Hisarın yapımı için gereken keresteler İznik'ten, Karadeniz Ereğlisi'nden; taş ve kireç yine Anadolu'dan ve civardan temin ediliyor.Fatih, inşaatta görev alan işçi, usta, memur ve paşalar arasında bir rekabet, bir yarış havası estiriyor ve hiçbir masraftan kaçınmıyor böylece, ilkbaharda inşaatına başlanan hisar, yaz bitmeden, 31 Ağustos günü, yani 4 ay 16 günde tamamlanıyor. Bu kadar kısa bir sürede meydana gelen büyük eser karşısında dost düşman hayranlığını gizleyemiyor, Bizans ise başına nelerin geleceğini íyice anlıyor.

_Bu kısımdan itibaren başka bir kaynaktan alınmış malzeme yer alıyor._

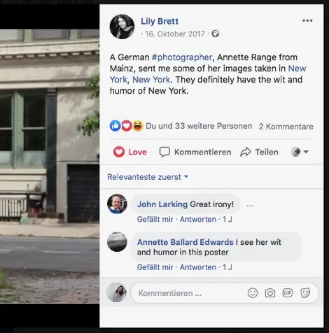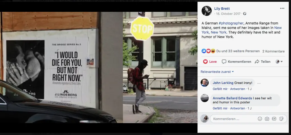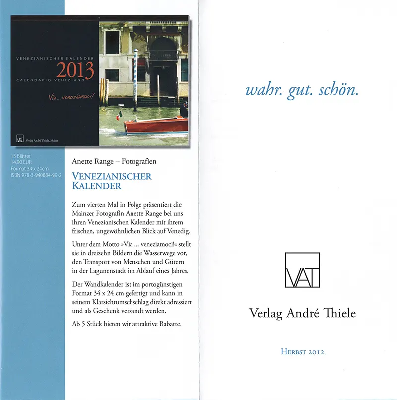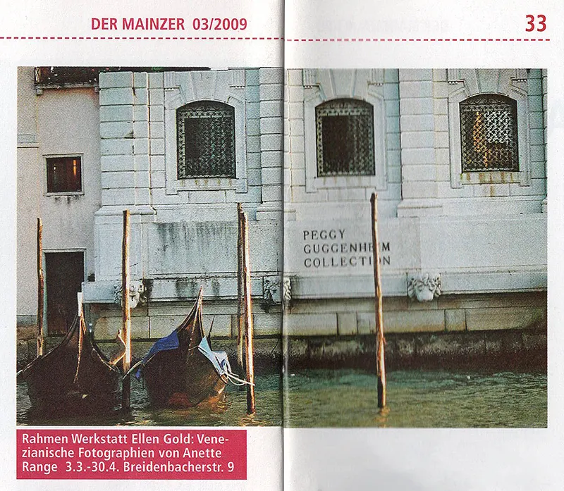 ist eine weit gereiste Fotografin; die vorgestellten Fotografien stammen größtenteils aus ihren Lieblingsstädten Venedig und New York. Sie zeigen ihr bevorzugtes Thema: Momente des täglichen Lebens, die das Lebensgefühl der Menschen in der Stadt einfangen. Ihr Fokus auf die eher kleinen Momente des Lebens wird mittlerweile von zahlreichen Käufer und Käuferinnen aus dem In- und Ausland geschätzt.

Buyük kulelerí birleştiren çevirme duvarlarının kuzeyden güneye uzunluğu 250, doğudan batıya uzunluğu ise 125 metre. Güneye bakan kulenin yakınında, cephane ve erzak mahzenlerine giden yolların ucunda, iki gizli kapı var.
Hisar, yukarıdan bütünü ile seyredildiği zaman eski yazı ile `Muhammed ismi okunuyor. Fatih Sultan Mehmed, istanbul'a ilk mührünü, ismini kale ile yazmak suretiyle vurmuştur.
Boğaz geçişini kestiği için Fatih tarafından BOĞAZKESEN adı verilen hisara, daha sonra Rumeli Hisarı deniyor. Anadolu yakasındaki GÜZELCEHÌSAR da Anadolu Hisarı adını alıyor.